I moved to iOS 6 and when my phone came up it could not connect to my home network. I did the following on the phone:


- Updated phone to iOS 6 from 5.1.1

- I thought maybe the network settings were messed up so I "forgot" the network and tried again, no luck.

- Reset all network settings, no luck.

- Full restore of iOS 6 and setup as a new phone (no data/apps/etc restored), no luck.

- Removed all encryption on my access point, no luck.


So I then setup a spare access point I had and the iPhone connected right away (even with the same SSID and encryption as my normal home access point). This indicates an incompatibility between iOS 6 and my access point.


It is not an encryption issue, because it can connect to an open, WEP, and WPA2 configuration on my spare access point without a problem. It can even connect to my Mini that is performing Internet Sharing.


The access point is a Netgear WG102 and before iOS 6 my iPhone 4S worked great on it. I also have an old 2gen iPod Touch, 1st gen iPad, Macbook Air, Mac Mini, etc, etc, etc on the access point with no issues. It's just my iPhone and iOS 6 that can't connect to it.


I did the following to the access point:


- running latest/greatest firmware

- changed RTS threshold, Frag length, Beacon Interval, DTIM interval, etc, with no luck.

- enabled WMM with no luck (which I saw fixed someone elses issue with a beta version of iOS 6 and their iPad)

- hard/factory reset of the access point (phone can't connect to the default and wide open "Netgear" SSID when it comes up)

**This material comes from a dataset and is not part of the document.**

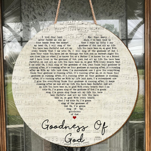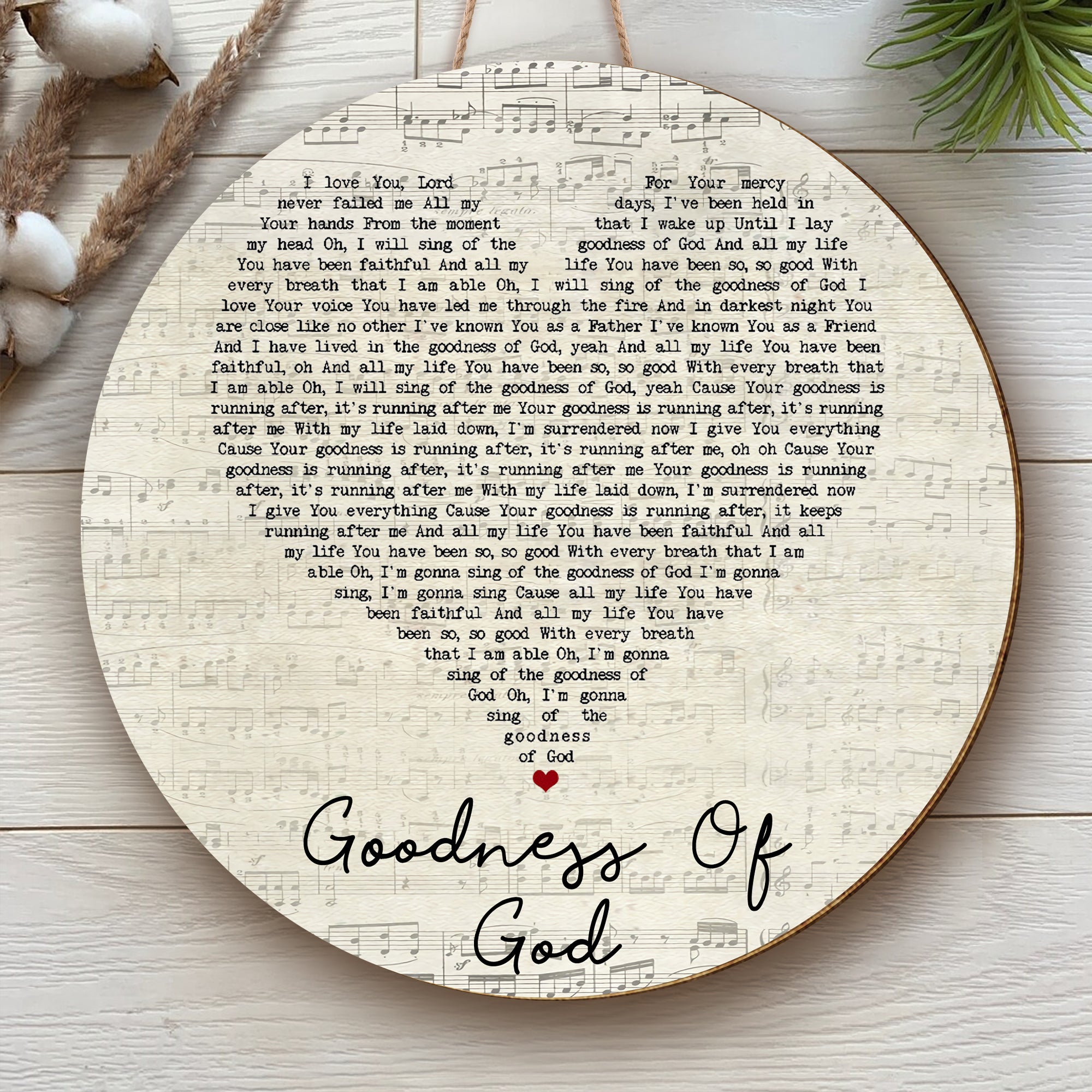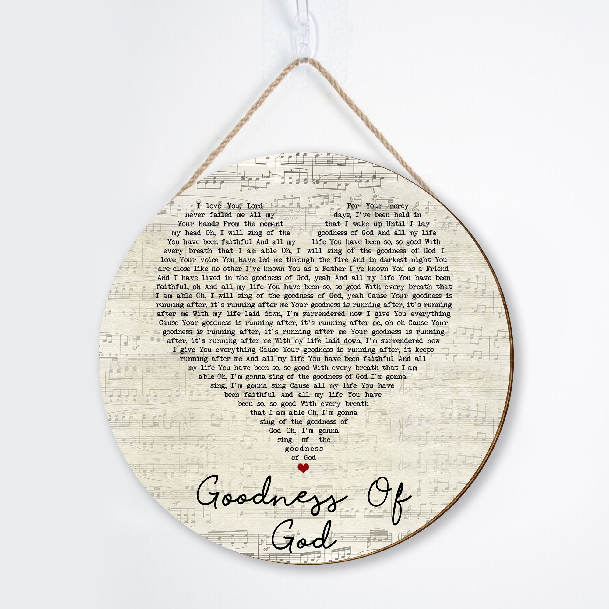 Bethel Music Goodness Of God Script Heart Song Lyric Print Round Wood Sign, Wood Signs For Home

The phone works on all other access points that I have tried outside my house.


Any thoughts?

iPhone 4S, iOS 6

Posted on Sep 19, 2012 10:30 AM

Reply
161 replies

Sep 19, 2012 11:06 AM in response to mikesullakasully

mikesullakasully wrote:


I don't have any solid ideas, but try these things: Reboot the phone. Try a differnt SSID. Make sure you have no firewall rules set up or MAC address filters set that could be blocking the phone. Try manualy entering the network info in, by clicking "other".



Thank you for your ideas, but all of your suggestions have been addressed/tried already as detailed above.

Sep 19, 2012 11:38 AM in response to yerodtr

Did some digging on your router. I see it's an older G band router. And apple recommends: "Routers that only support 802.11g should be put in 802.11b/g mode, while those that support only 802.11b can be left in 802.11b mode." Try switching the router to B only and see what happens.


Also, the spare access point you were able to connect to, what bands/frequencies does that one have? (a/b/g/n - 2.4 and/or 5 Ghz)?

Sep 19, 2012 11:41 AM in response to mikesullakasully

mikesullakasully wrote:


Did some digging on your router. I see it's an older G band router. And apple recommends: "Routers that only support 802.11g should be put in 802.11b/g mode, while those that support only 802.11b can be left in 802.11b mode." Try switching the router to B only and see what happens.


Also, the spare access point you were able to connect to, what bands/frequencies does that one have? (a/b/g/n - 2.4 and/or 5 Ghz)?


Hmmm, not wild about going down to B only here, that will really slow everyone else down. I will have to try that later.


The other router was a Linksys WRT54GL (B/G 2.4GHz) running DD-WRT firwmare.

Sep 19, 2012 2:48 PM in response to carlmcl

carlmcl wrote:


I know this isn't much help, but my office has the same NetGear WAG 102 and those of us that updated to iOS 6 have the same issue. We've tried everything you did and the WMM settings that some in the Betas had luck with but we cannot get it to work here either.


Thanks, although not a solution at the moment, it is a GOOD thing to know others are having this issue and bring attention to the matter.